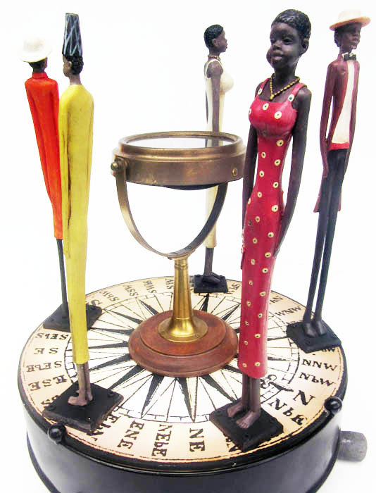 When you spin the turntable, the figures and the compass spin, looking forwards, looking outwards,
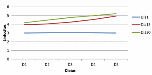 Significativamente, en los días de muestreo de esta investigación, las poblaciones inmunes aumentaron, explicado esto por la acción ejercida por los probióticos y la preparación del sistema inmune del hospedador. Galdeano et al. (2013) demostraron que las bacterias probióticas indujeron un aumento en la celularidad de la lámina propia del intestino, principalmente en las células mononucleares, sin alterar la histología normal del intestino, donde los neutrófilos son las células predominantes.
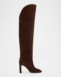 Stuart Weitzman "Babette Tubo" overtheknee boots in supple calfskin suede 3.25 in / 85 mm covered block heel Almond toe Pullon style Leather lining and outsole Professional cleaning recommended Made in Spain
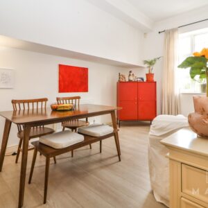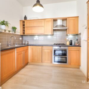 Inside, the apartment has been designed with modern living in mind while retaining a real sense of character. The entrance opens into a bright and airy open-plan kitchen, living and dining space with impressively high ceilings and stylish laminate wood flooring throughout. The kitchen is well-equipped with integrated appliances and generous storage, while a cleverly designed storage cupboard houses the combination boiler.
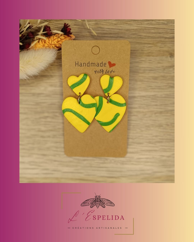Maxi coeur serpentins jaune et vert
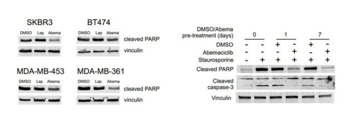 用DMSO、GW572016或Abemaciclib处理SKBR3、BT474、MDA-MB-453和MDA-MB-361细胞48小时进行Western blot。用DMSO或Abemaciclib (500 nM)预处理MDA-MB-453细胞0、1或7天,然后用Staurosporine (500 nM)处理4小时。
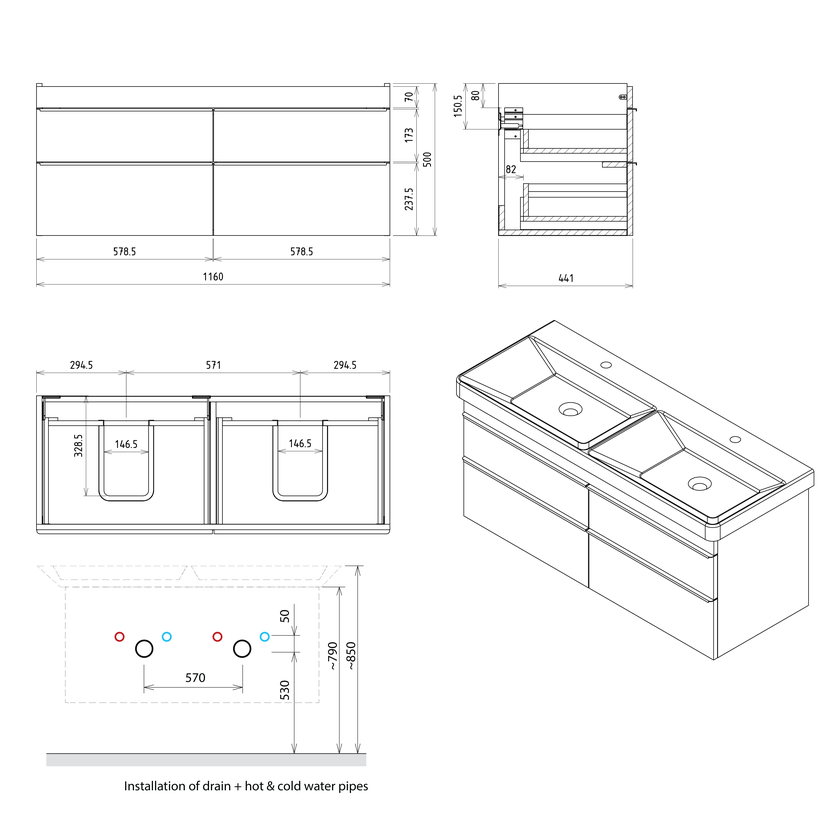 Parametry produktu SITIA dvojumyvadlová skříňka 116x50x44,2cm, 4xzásuvka, dub alabama
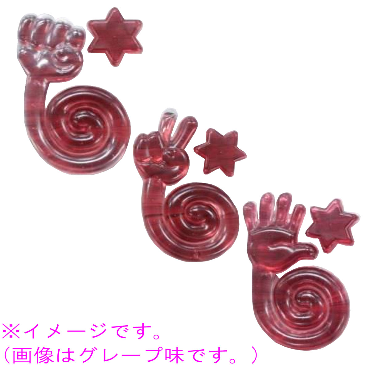 ●中から出てくるグミの形は「グー、チョキ、パー」の全部で3種類。どれが出るかはお楽しみ♪
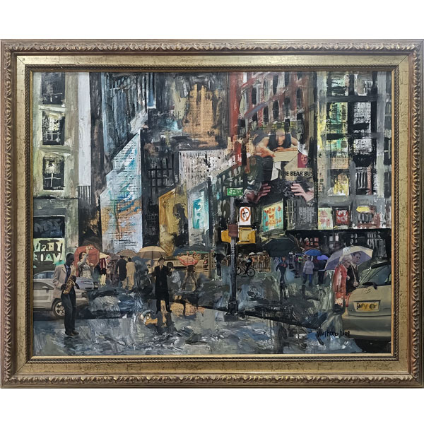 Antoni Vives Fierro (Barcelona, 1940). Título: Paraigües (2009). Descripción: óleo y collage sobre lienzo firmado y fechado 2009 en el ángulo inferior derecho.
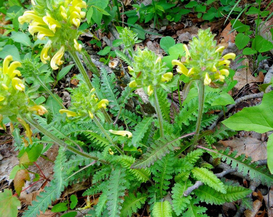 Wood betony, also called Canadian lousewort, is a 4″ to 16″ tall, erect, perennial forb that rises on 1 or more stems from short rhizomes. It forms large clumps. The stems are erect, hollow, unbranched, green or reddish brown, and hairy with long soft hairs. The leaves are mostly basal. Basal leaves are crowded and form a rosette. They are on stalks that are often longer than the leaf blades. They are inversely lance-shaped with the attachment at the narrow end, up to 6″ long and 1″ wide. They are fern-like in appearance, cut with deep, rounded lobes cut more than half way to the midrib (pinnatifid). The upper surface is deep green, hairless except with appressed hairs along the sunken midrib, with indented (impressed) lateral veins. The lower surface is lighter green, hairless, with raised (prominent) lateral veins. The margins of the lobes have fine, rounded teeth. Stem leaves are alternate and similar to the basal leaves but smaller and on shorter leaf stalks. They are 1⅛″ to 2⅓″ long, and ⅜″ to ¾″ wide. Lower leaves are on long leaf stalks. Leaves become smaller and leaf stalks shorter as they ascend the stem. Upper leaves are stalkless. The inflorescence is a 1″ to 2″ long, cone-shaped spike at the end of the stem and sometimes also from upper leaf axils. They have a conspicuous pinwheel arrangement, with the flowers sticking out at right angles to the central axis. The individual flowers are stalkless and subtended by a single leaf-like bract. The calyx is ⅓″ to ½″ long with 2 spreading, rounded lobes. There are 5 yellow petals forming a ⅔″ to 1″ long, tubular, 2-lipped corolla. The upper 2 petals are fused into convex, one-lobed, hood-like lip (galea) from which the pistil protrudes. The hood is sometimes reddish or purplish tinged. There are 2 small teeth just below the tip of the galea. The lower 3 petals are fused into a banner that is shorter than the galea and has 3 lobes, the 2 lateral lobes rounded, spreading, and longer than the middle lobe. The 4 stamens are contained within the galea. The fruit is a dry, egg-shaped capsule, 2 ⁄5″ to 3 ⁄5″ long, with uneven sides. It is twice the length of the calyx. When in fruit the spike elongates to up to 8″. |
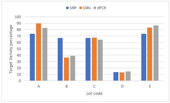 The dPCR assay was used to evaluate the TV percentages present in five TV-declared grain commercial lots, but suspected to be contaminated by non-TV varieties. The same samples also were evaluated with SSR and DArTseq approaches, with the same objective; i.e., to evaluate the TV percentages. Figure 4 shows the results obtained with the three different analytical methods.
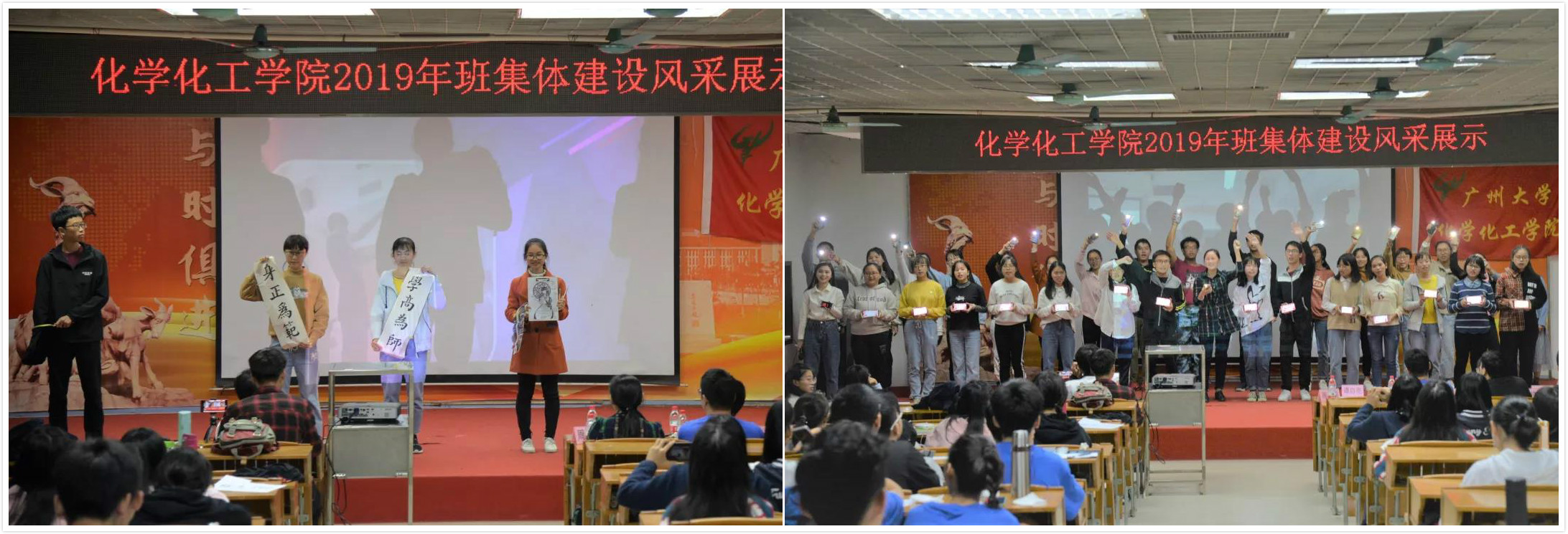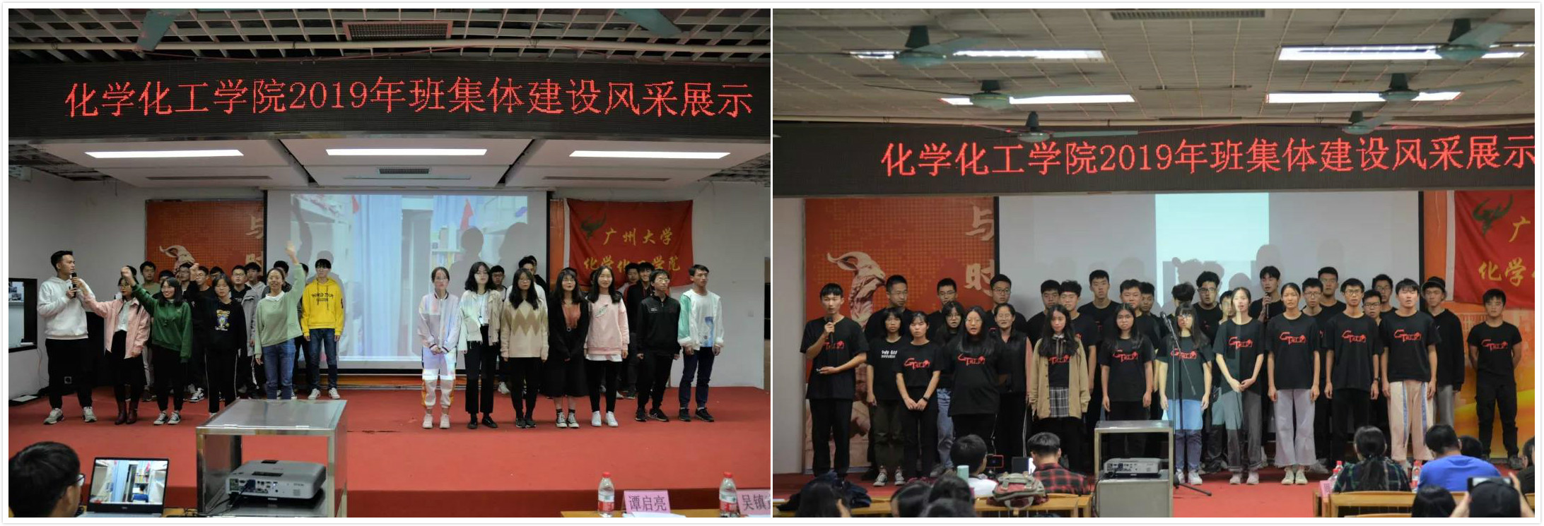 化工194班级代表以讲解PPT的形式展示他们的风采,随后用情景剧“我们的广大故事”和改编版《成都》表演出他们的广大情结。
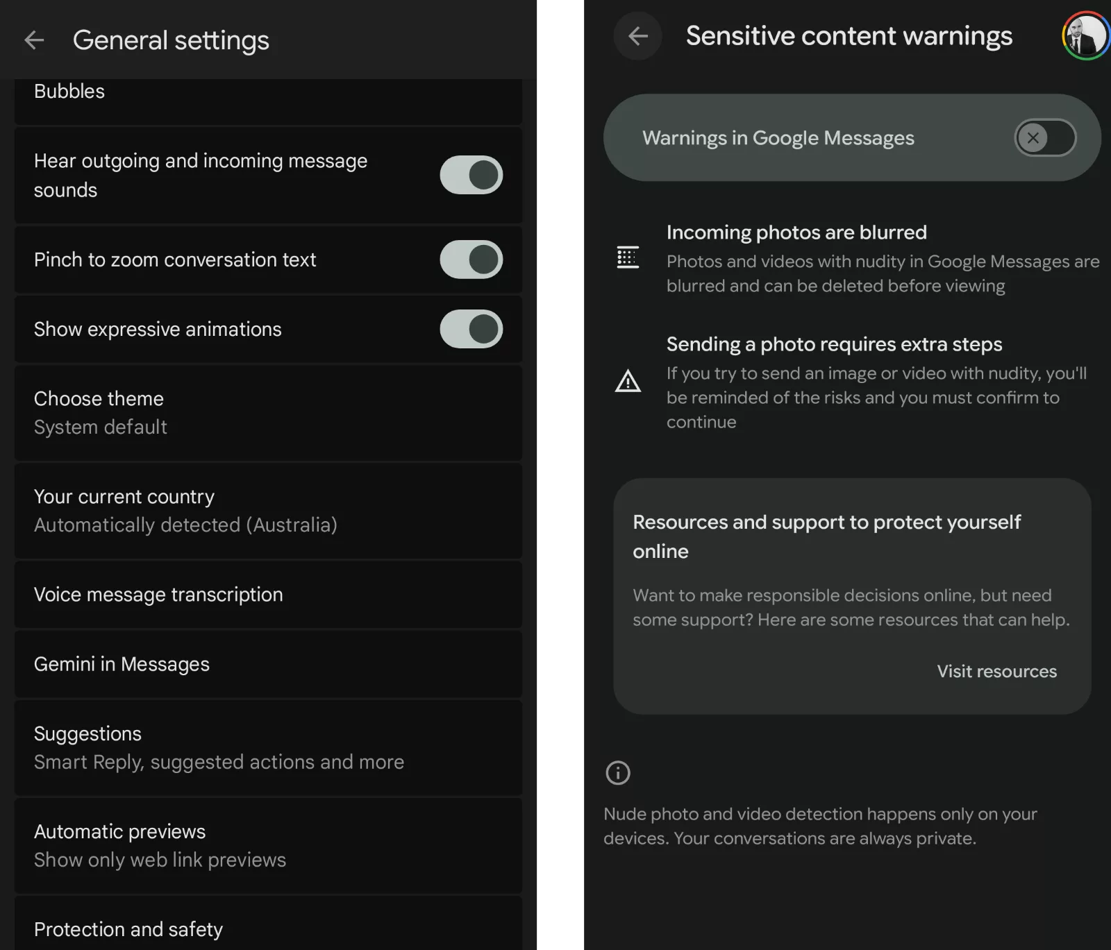 From there, you can click into “sensitive content warnings” to automatically blur an image or video, with automatic detection happening like the iPhone and only on your device.
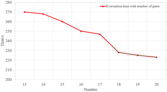 When the number of gates increased to 18 and 20, the evacuation time decreased by 42 s and 47 s, respectively. The evacuation time varied with the number of gates, as shown in Figure 20. There was no large fluctuation in the evacuation time at a later stage. This is because, limited by the moving speed of the crowd and the width of the escalator, although the number of gates increased, the evacuation time of people did not decrease significantly. However, when the number of gates exceeded 20, this resulted in a waste of resources. Therefore, the appropriate number of gates is of great significance for subway management and pedestrian evacuation.
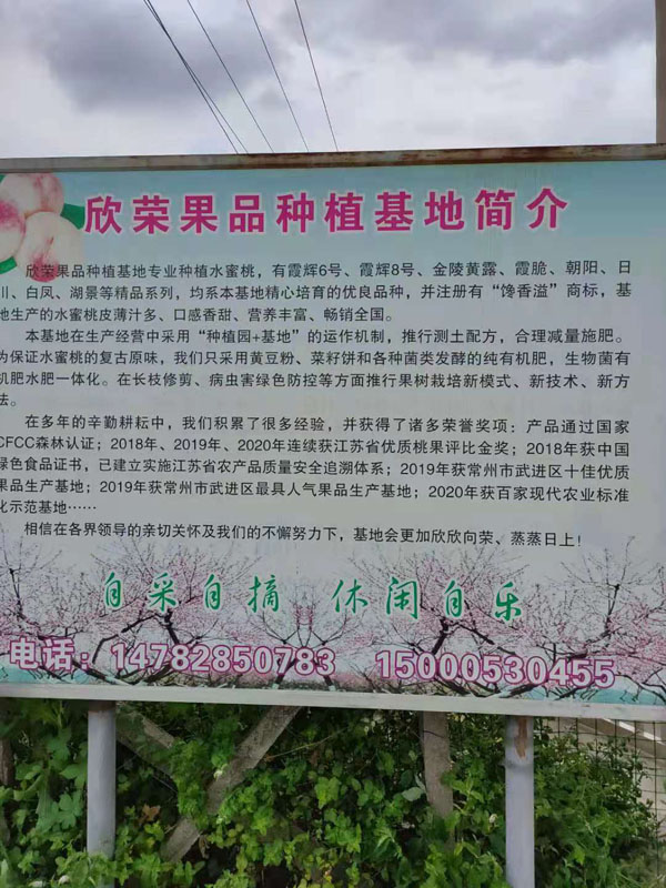 欣榮果品種植基地專業(yè)種植水蜜桃,有霞輝6號、霞輝8號、金陵黃露、霞脆、朝陽、日川、自鳳、湖景等精品系列,均系本基地精心培育的優(yōu)良品種,并注冊有“饞香溢”商標(biāo),基地也生產(chǎn)的水蜜桃皮薄汁多、口感香甜、營養(yǎng)豐富、暢銷全國。 本基地在生產(chǎn)經(jīng)營中采用“種植園+基地”的運作機制,推行測土配方,合理減量施肥。保證水蜜桃的復(fù)古原昧。我們只采用黃豆粉、菜籽餅和各種菌類發(fā)酵的純有機肥,生物菌有機肥水肥一體化。在長枝修剪、病蟲害綠色防控等方面推行果樹栽培新模式、新技術(shù)、新方去。 在多年的辛勤耕耘中,我們積累了很多經(jīng)驗,并獲得了諸多榮譽獎項:產(chǎn)品通過國家CFCC森林認(rèn)證;2018年、2019年、2020年連續(xù)獲江蘇省優(yōu)質(zhì)桃果評比金獎;2018年獲中國綠色食品證書,已建立實施江蘇省農(nóng)產(chǎn)品質(zhì)量安全追溯體系;2019年獲常州市武進(jìn)區(qū)十佳優(yōu)質(zhì)果品生產(chǎn)基地;2019年獲常州市武進(jìn)區(qū)最具人氣果品生產(chǎn)基地;2020年獲百家現(xiàn)代農(nóng)業(yè)標(biāo)準(zhǔn)化示范基地…… 相信在各界領(lǐng)導(dǎo)的親切關(guān)懷及我們的不懈努力下,基地會更加欣欣向榮、蒸蒸日上!
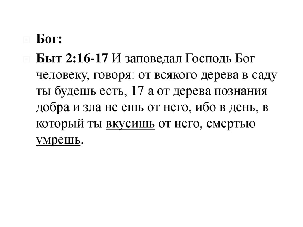 Бог:Быт 2:16-17 И заповедал Господь Бог

__________

» **EXERCISE PROMPT**
Set the pictures aside and reproduce exactly the lines above, from the line holding "Maxi coeur serpentins jaune et vert" through the line holding "Antoni Vives Fierro", both included, with nothing else.

» **RESULT OF THE TASK**
Maxi coeur serpentins jaune et vert
 用DMSO、GW572016或Abemaciclib处理SKBR3、BT474、MDA-MB-453和MDA-MB-361细胞48小时进行Western blot。用DMSO或Abemaciclib (500 nM)预处理MDA-MB-453细胞0、1或7天,然后用Staurosporine (500 nM)处理4小时。
 Parametry produktu SITIA dvojumyvadlová skříňka 116x50x44,2cm, 4xzásuvka, dub alabama
 ●中から出てくるグミの形は「グー、チョキ、パー」の全部で3種類。どれが出るかはお楽しみ♪
 Antoni Vives Fierro (Barcelona, 1940). Título: Paraigües (2009). Descripción: óleo y collage sobre lienzo firmado y fechado 2009 en el ángulo inferior derecho.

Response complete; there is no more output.